2.5. Tissue preparation
Four days (96 h) after ischemia, the rats were anesthetized and transcardiac perfusion was performed with 0.9% saline, followed by 4% paraformaldehyde in 0.1 M phosphate buffer (pH 7.4) (Aboutaleb et al., 2014). Then, their brains were extracted and postfixed in the same fixative overnight. Next, the brains were embedded in paraffin. Afterward, paraffin-embedded coronal sections were cut (with a cryostat) at 7μm thicknesses for immunohistochemical stains, between 3.3 and 4.2 mm posterior to bregma fortune according to the paxinos atlas (Paxinos & Watson, 2006).
2.6. Immunohistochemical staining
Immunohistochemical staining was performed on 7μm tissue sections (Gheibi et al., 2014; Khaksari, Aboutaleb, Nasirinezhad, Vakili, & Madjd, 2012). Briefly, tissue sections were incubated for 30 min at 60°C, rehydrated through a descending alcohol series, and treated with 10% hydrogen peroxide in methanol for 10 min to reduce endogenous peroxidase activity. After being washed in Tris buffer (H2NC (CH2OH)3, pH7×4), antigens were retrieved by autoclaving for 11 min in citrate buffer (C6H5Na3O7×2H2O, pH6). Sections were then incubated with primary antibodies (Biorbyt, UK) at 4°C temperature overnight. Optimal dilution was found to be 1/100.

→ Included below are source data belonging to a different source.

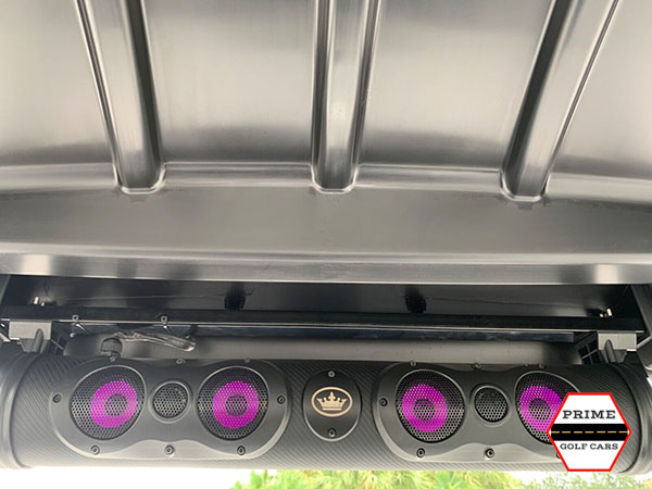While most golf carts have a 4KW motor, Aluma golf carts have a powerful 5KW 48V AC motor, and feature a 400 amp programmable Curtis controller with regenerative braking – meaning that the energy used while slowing the cart is harnessed and used to help recharge and preserve the battery level. Aluma golf carts are also unique in that they have the largest golf car cabin in their class, making the Aluma cart ideal for drivers and passengers who are tall with its wide open space for leg room. Another feature is the folding rear footrest – the footrest on the back of the cart can be folded in to make the cart shorter, creating more space for storage. The back armrests on the cart also open for small storage space, and the back seats fold down to create a flat surface for transporting materials. Underneath the back seats is also another storage compartment, with a removable cover.
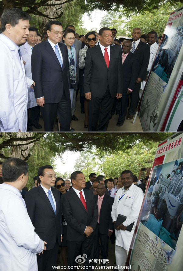 ??? 李克強與夫人程虹6日與埃塞俄比亞總統穆拉圖夫婦在總統官邸國家宮會見。李克強說,我們校友見面格外親切!總統先生在中國學習工作多年,為中埃、中非關系的發展作出了重要貢獻。穆拉圖總統曾在北京大學學習十余年,是李克強總理的校友,也是“中國通”。
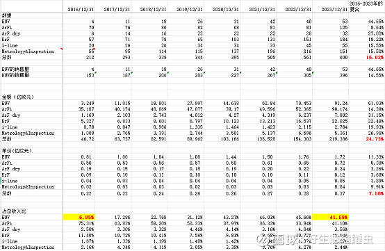 b)软件收入:光刻机的维护和升级:平均占比25%左右,2016-2023年复合增速14.7%;
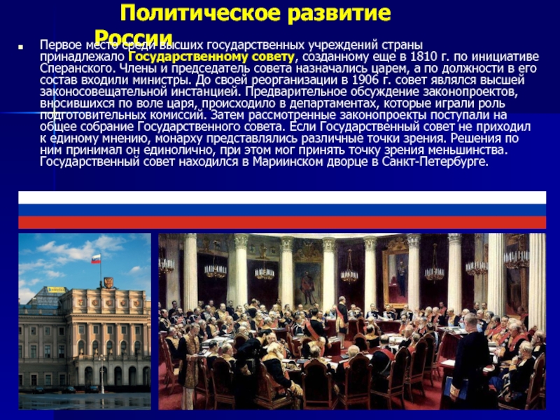 принадлежало Государственному совету, созданному еще в 1810 г. по инициативе Сперанского. Члены и председатель совета назначались царем, а по должности в его состав входили министры. До своей реорганизации в 1906 г. совет являлся высшей законосовещательной инстанцией. Предварительное обсуждение законопроектов, вносившихся по воле царя, происходило в департаментах, которые играли роль подготовительных комиссий. Затем рассмотренные законопроекты поступали на общее собрание Государственного совета. Если Государственный совет не приходил к единому мнению, монарху представлялись различные точки зрения. Решения по ним принимал он единолично, при этом мог принять точку зрения меньшинства. Государственный совет находился в Мариинском дворце в Санкт-Петербурге.
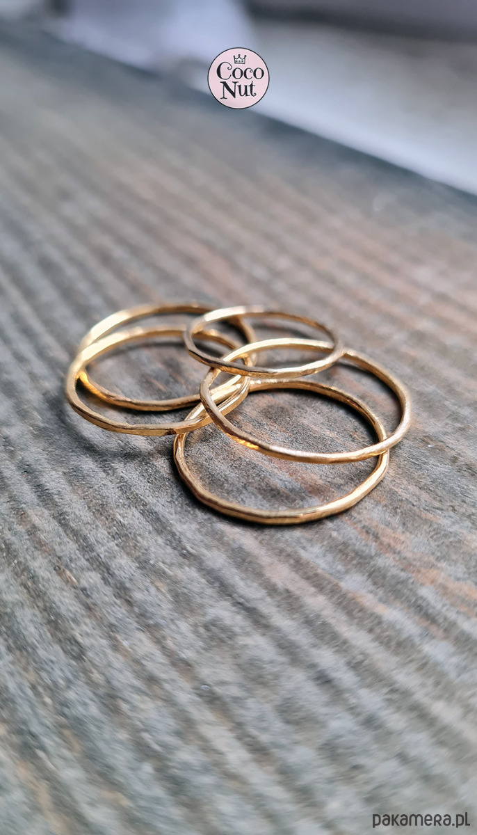 Komplet: 5 cienkich obrączek ze srebra 925, o szerokości ok. 1 mm, obrączki mają nierówną fakturę - są młotkowane.

Tissues were then incubated in the goat polyclonal secondary antibody (HRP) (Biorbyt, UK) for 30 min at room temperature with the addition of 3, 3′-diaminobenzidine (DAB, Sigma, USA) to achieve visualization of the antigen. In the final step, tissue sections were lightly counterstained with Hematoxylin (Sigma), dehydrated in alcohol, cleared in xylene (Sigma), and mounted for visualization. The primary antibody was not included in the processing of the negative control slide. Human cervical carcinoma tissue was used as a positive control. Photomicrographs of sections were prepared using light microscopy at ×400 magnifications by a blinded investigator. The number of immune positive cells was counted along the transect of 400μm length (0.160 mm2) of CA1 area of the right hippocampus.
2.7. Statistical analysis
All results are reported as a mean±SD. The Kolmogorov-Smirnov test was used to verify the normality of the distribution. One-way analysis of variance (ANOVA) test was used to compare the differences between the groups. When a significant difference was revealed, the Dunnett’s T3 or Scheffe’s post hoc test was used to specify where the difference occurred. When the homogeneity of variance was established, the Scheffe’s post hoc test was used; otherwise, we applied the Dunnett’s T3 post hoc test. The level of significance was set at P≤0.05. All data were analyzed by the SPSS (SPSS for Windows; SPSS Inc., Chicago, IL, USA; Version 16.0).
3. Results
3.1. Exercise preconditioning and reduction of the ischemia/reperfusion-induced caspase-3 activation
The results of caspase-3 immunohistochemical staining showed that, there is a significant difference among groups with respect to the number of active caspase-3-immunopositive cells in the CA1 area of the rats’ right hippocampus. The number of active caspase-3-positive cells was significantly increased in ischemia group (31.33±8.477, in 0.160mm2) compared to sham-operated group (10±0.816, P<0.001, in 0.160mm2). In ischemic rats preconditioned with exercise, the number of active caspase-3-positive cells in CA1 (20.6±1.342, in 0.160 mm2) was significantly lower than that seen in ischemic rats (P<0.05, in 0.160 mm2), (Figures 1, 2).
3.2. Exercise preconditioning and reduction of the Bax protein levels after ischemia
The results of Bax immunohistochemical staining showed that, in the CA1 area of the rats’ right hippocampus, there were statistically significant differences among groups with respect to the number of Bax-positive cells. Bax were weakly expressed in sham-operated group (9.5±0.707, in 0.160 mm2), also, the number of Bax-positive cells increased in ischemia group (39.86±11.852, in 0.160 mm2), (P<0.01). In ischemic rats preconditioned with exercise, the number of Bax-positive cells decreased (23.17±5.707, in 0.160 mm2) compared to the ischemia group (P<0.05), (Figures 3, 4).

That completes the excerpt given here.